Lawyers Mboya Wangong’u & Waiyaki have been appointed legal advisors. NIC Capital said the share sale is expected to be concluded between September and October this year.
“The sale involves a 25 per cent stake and the structure will be finalised in another one month or so. That is when we will be setting price per share,” NIC managing director Maurice Opiyo told the Business Daily. KWFT members estimated to be around 600,000 will be offered the shares.
KWH has gradually been reducing its stake in the micro-lender. Earlier in the year it sold a 25 per cent stake to two strategic investors to comply with the Central Bank of Kenya (CBK) ownership rules.
The regulator only allows banks and other financial institutions to own more than 25 per cent stake in deposit-taking microfinance (DTM) institutions. Kenya Women Holdings is a non-profit organisation. CBK gave non-banking institutions up to four years to comply with the new laws that came into effect in 2006.
“A person who holds more than twenty-five per cent of the shares of a deposit-taking business existing at the commencement of this Act, which makes an application for a licence pursuant to section 49, shall comply with the requirements of subsection (1) within four years of the business being licensed,” says the Microfinance Act, 2006.
KWFT became a licensed deposit-taking institution on March 31, 2010, which makes this year the last for the micro-lender to comply with the Act.
The regulations demand that institutions present a plan on reducing ownership before they can get licensed by the Central Bank. The rules are meant to ensure stability of the institutions.
Faulu Kenya, which was licensed by the CBK in May 2009, was the first to comply after it sold a 67 per cent stake to Old Mutual. The remaining 33 per cent stake is owned by local investors and the industry.
Prior to the sale to Old Mutual, Faulu was majority owned by non-governmental organisation Food for the Hungry International (FHI).
SMEP, a micro-lender that is majority owned by the National Council of Churches of Kenya (NCCK), is also meant to reduce its shareholding by the end of this year. NCCK’s first attempt to reduce its stake was through a share sale in October 2012 that managed to reduce its shareholding from 100 to 73.72 per cent following an under-subscription.
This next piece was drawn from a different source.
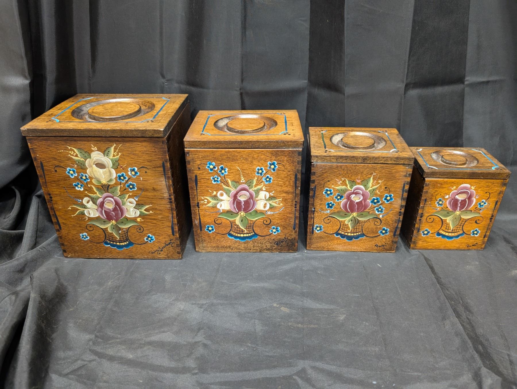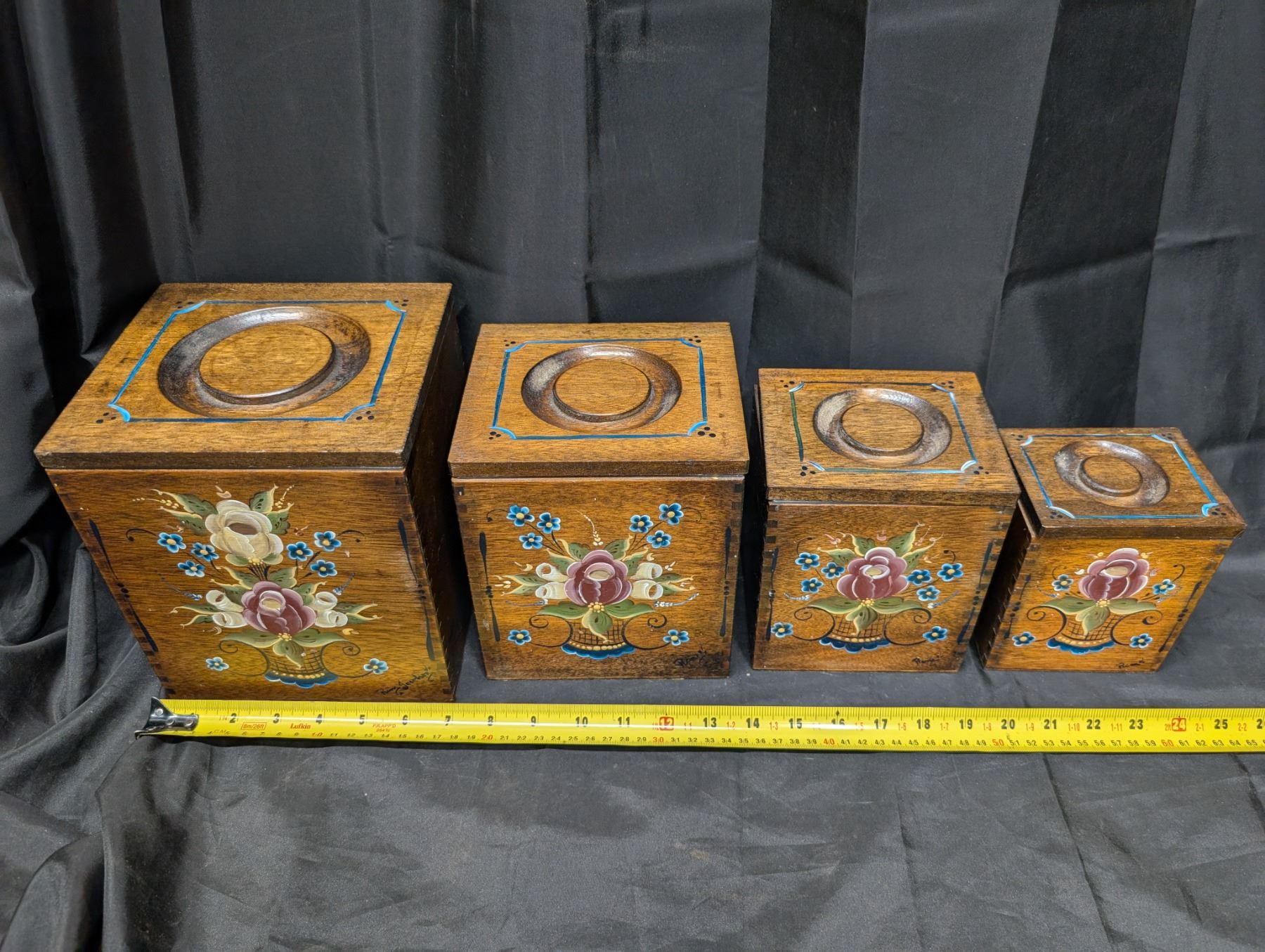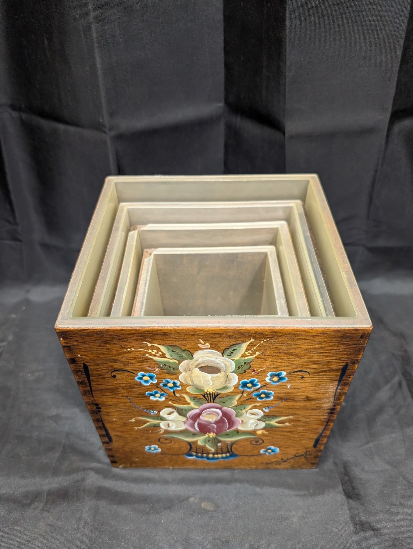 Vintage Folk Art Nesting Box Set w/ Hand Painted Floral Design

A second share sale managed to raise Sh266 million against a target of Sh1.6 billion and cut NCCK’s stake to 31.8 per cent. SMEP said at the time that it was planning another share sale.
U&I, Uwezo, Remu, Rafiki, and Century are other DTMs. KWH was established in 1980 and opened its micro-finance subsidiary a year later.
Analysts said the share sale performance will come down to how the transaction advisors price the shares. “Success will depend on how it is structured,” said Johnson Nderi, corporate finance and advisory manager at ABC Capital.
For NIC Capital the KWH deal is the second publicly announced transaction advisory role this year. NIC Capital together with Kingdom Securities were appointed transaction advisors for CIC Insurance Sh5 billion bond programme set to be rolled out by September this year.